The members of the Osage tribe were allotted “headrights” — basically, a share of the oil and mineral ownership — and these headrights could not be sold, only passed on through family members. At the same time, the government considered the Native Americans incapable of managing their own affairs, and adult Osage who were deemed incompetent (and most were) were required to have white guardians to manage their money.

As we see in Killers of the Flower Moon, there was a lot to be gained by finding ways to either manipulate the Osage through shady business dealings and corrupt guardianships, or more directly, by murder. Mollie Burkhart is the initial focus of the book, and we see as her entire family is wiped out, one at a time, through violent murder or insidious poisonings. Between the crimes themselves and the bungling and corruption of the investigation, Mollie and her tribe lived in terror and with a very real threat hanging over their heads.

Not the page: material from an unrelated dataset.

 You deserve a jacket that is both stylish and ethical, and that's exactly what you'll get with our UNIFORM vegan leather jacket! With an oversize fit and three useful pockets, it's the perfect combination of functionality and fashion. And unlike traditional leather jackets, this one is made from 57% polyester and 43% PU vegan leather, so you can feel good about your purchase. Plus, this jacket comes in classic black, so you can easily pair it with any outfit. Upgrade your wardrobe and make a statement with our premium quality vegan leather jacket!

Part I of the book explores the crimes, and Part II traces the involvement of the Bureau of Investigation (forerunner of the FBI), as well as the early stages of the Bureau’s investigative approach and its evolution under J. Edgar Hoover. We see the lawmen tasked with investigating the murders, and follow them all the way through to the eventual arrests and convictions of the men involved. In Part III, the author describes his research and what he uncovered in historical archives, through which he finally unearthed evidence that helped some descendants of the victims find a sense of resolution.

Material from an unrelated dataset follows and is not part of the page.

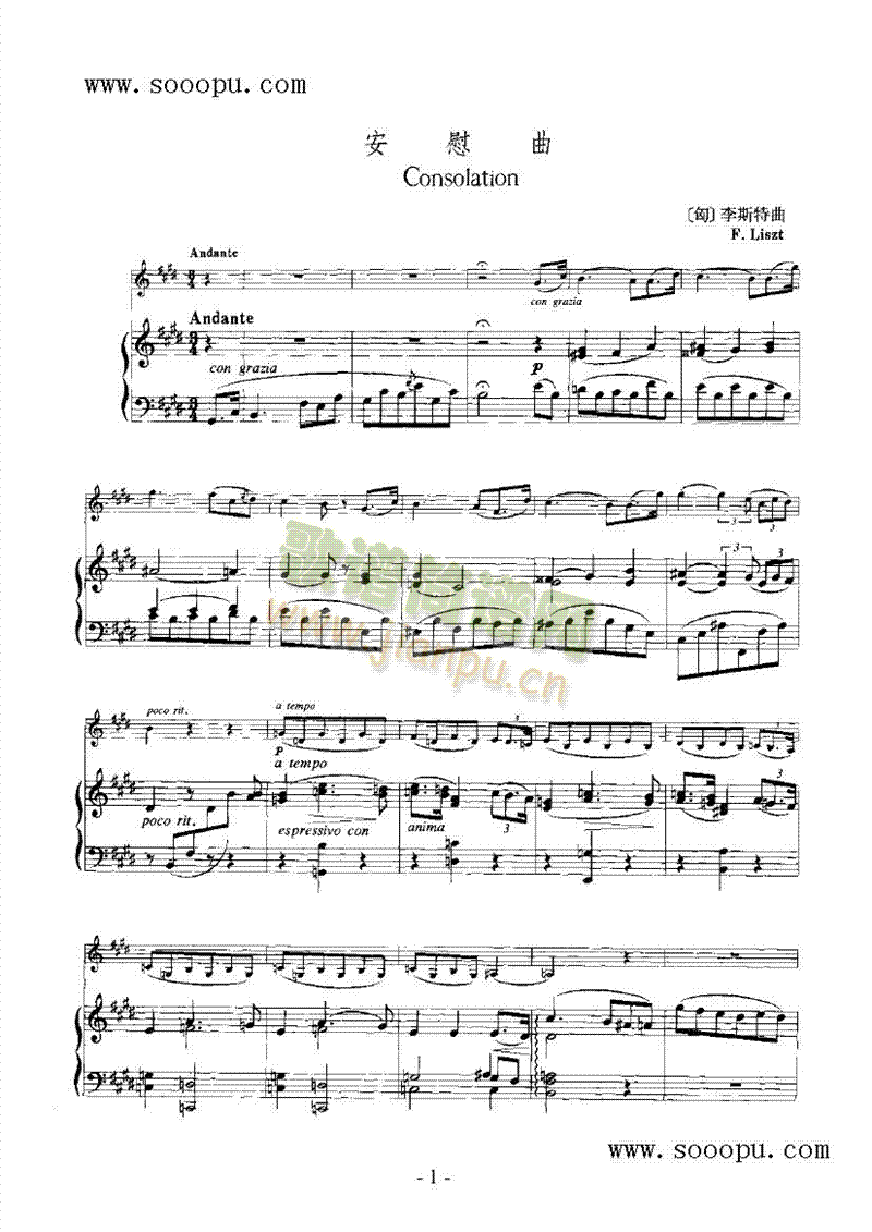 [其他乐谱]安慰-钢伴谱 弦乐类 小提琴 李斯特

The subject matter of Killers of the Flower Moon is fascinating and very, very disturbing. However, I did find myself losing interest at various points, especially in Part II, as the sections about the Bureau and its processes just didn’t grab me as much as the parts focusing on the Osage tribe members and their experiences. I also wished that I’d felt a more personal connection to some of the people involved. While we learn what happened to Mollie and her family, Mollie herself often seems unknowable. Granted, this is history, not a dramatization, but I still wish there was some way to get more of a glimpse beneath the individuals’ surfaces.

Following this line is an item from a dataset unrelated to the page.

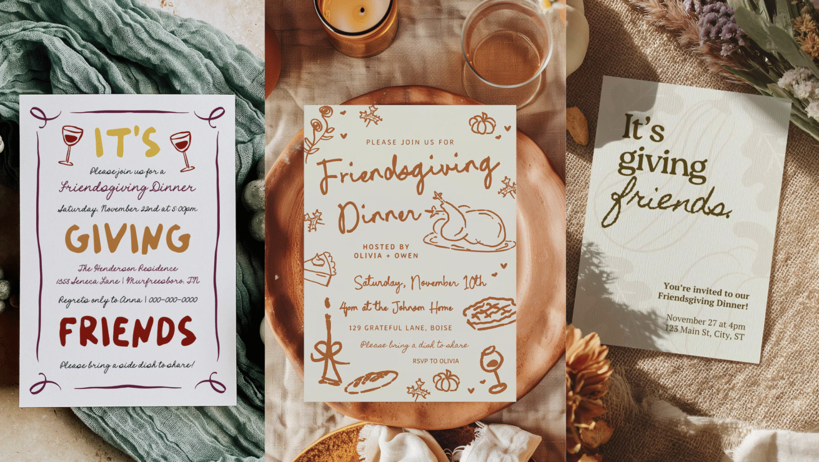 When developing design ideas for Friendsgiving, focus on details that create emotional connection. Handwritten fonts or elegant serif typefaces feel personal and timeless. Subtle illustrations—leaves, branches, or candles—add charm without overwhelming the layout. Think less about perfection and more about warmth.

I recognize too that my lack of interest or focus in certain parts of the story may say more about me as a reader than about the actual book itself. I can be easily distracted when reading non-fiction, and I might not have always been in the right frame of mind to truly appreciate what I was reading.

That said, I do feel that Killers of the Flower Moon is a powerful and compelling book. It’s astonishing to me that the history of the Osage in Oklahoma isn’t better known, and I’m sure that this book will change that. (I understand that a film version is planned, and will be a Martin Scorsese/Leonardo DiCaprio venture — something to look forward to!)

Even people (like me) who tend not to read a lot of non-fiction will find themselves absorbed by the story once they pick up Killers of the Flower Moon. Highly recommended.

For more on the movie, go here.
To read the New York Times review of the book, go here.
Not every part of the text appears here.